For Python, use pip install -t python/lib/python3.9/site-packages/ -r requirements.txt to create a layer.
For Node.js, install packages in nodejs/node_modules/.
For Java, create a layer with JAR files in java/lib/.
Avoid bundling large binaries; use container images if needed.
Use --compatible-runtimes to ensure layers work with the correct runtimes.
Summary of Key Numbers
Maximum layers per function: 5
Maximum unzipped size (code + layers): 250 MB
Maximum zipped size for direct upload: 50 MB
Maximum zipped size via S3: 250 MB
/tmp storage: up to 10 GB (configurable)
Extensions API port: 9001
Extension registration endpoint: /2020-01-01/extension/register
Extension event next endpoint: /2020-01-01/extension/event/next
Prepare Layer Content
Create a directory structure that matches the expected paths for the runtime. For Python, libraries go in `python/lib/python3.9/site-packages/`. For Node.js, use `nodejs/node_modules/`. For custom runtimes, place binaries in `bin/` or `lib/`. Ensure that the directory structure is exactly as the runtime expects; otherwise, the libraries won't be found. The layer can contain multiple directories for different runtimes (e.g., both `python/` and `nodejs/`). This step is critical because the Lambda service extracts the layer contents into `/opt` and the runtime looks for libraries in specific subdirectories under `/opt`.
Zip the Layer Content
Use `zip -r layer.zip python/` (or equivalent) to create a ZIP file of the layer content. The ZIP file should preserve the directory structure. The maximum zipped size for a layer version is 250 MB (same as the function package limit). If the ZIP is larger, you must use S3 to upload. The layer version ARN is generated after a successful publish. The ZIP file must not contain the root directory itself; only the contents (e.g., the `python/` folder should be at the root of the ZIP).
Publish the Layer Version
Run `aws lambda publish-layer-version --layer-name my-layer --zip-file fileb://layer.zip --compatible-runtimes python3.9`. This creates a new version of the layer. Each version is immutable and has a unique ARN (e.g., `arn:aws:lambda:us-east-1:123456789012:layer:my-layer:1`). You can specify multiple runtimes with `--compatible-runtimes` (e.g., `python3.8 python3.9`). The layer version is now available to be attached to functions. You can also add a description and license info.
Attach Layer to Function
Use `aws lambda update-function-configuration --function-name my-function --layers arn:aws:lambda:us-east-1:123456789012:layer:my-layer:1`. You can attach up to 5 layers by specifying multiple ARNs. The order matters: later layers can override files from earlier layers. The function's code and all layer contents are merged into a single filesystem. After updating, the function will use the new layer on the next invocation.

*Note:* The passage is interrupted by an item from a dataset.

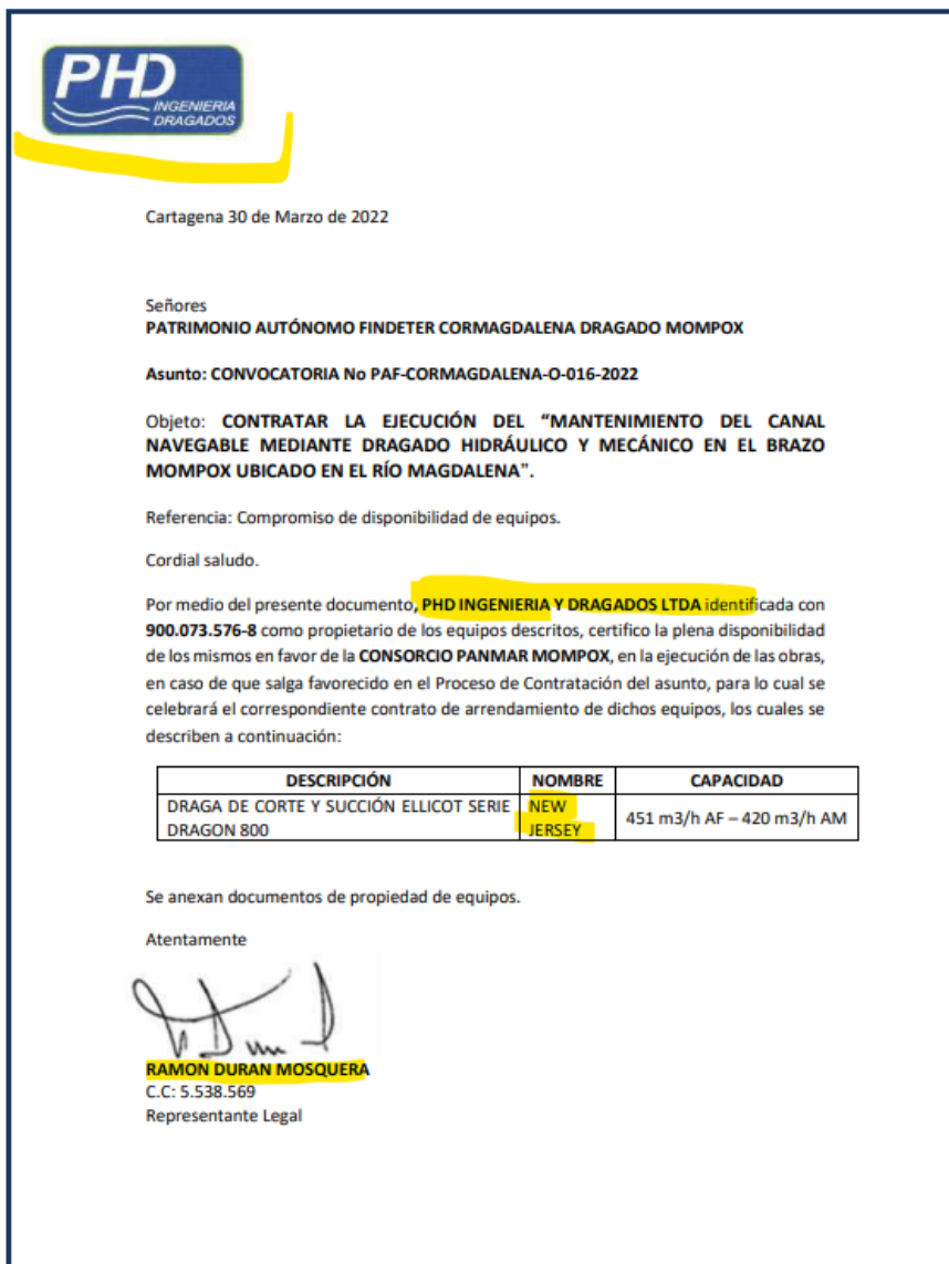
Ilustración 2. Fragmento de Propuesta del CONSORCIO PANMAR MOMPOX

Por lo tanto, en vista de estos hechos evidentes y que los mismos corresponden a un fraude procesal probado y fraude en documento público y privado, pondremos en conocimiento a los entes de control que velan porque los procesos Licitatorios se celebren y se rijan bajo la aplicación de los principios de la contratación estatal; Principio de Transparencia, Planeación, economía, responsabilidad, libre concurrencia y de escogencia objetiva.

If you update a layer version, you must update the function configuration to point to the new version.
Test the Function
Invoke the function using `aws lambda invoke --function-name my-function output.txt`. Check the logs in CloudWatch for any import errors. If the layer was correctly structured, the libraries should be importable. For example, in Python, `import requests` should work if `requests` is in the layer. If there are errors, verify the directory structure inside the layer ZIP. Also ensure that the runtime version matches the layer's compatible runtimes. The function's execution role does not need additional permissions to use layers, but the layer itself may require permissions if it accesses other AWS services.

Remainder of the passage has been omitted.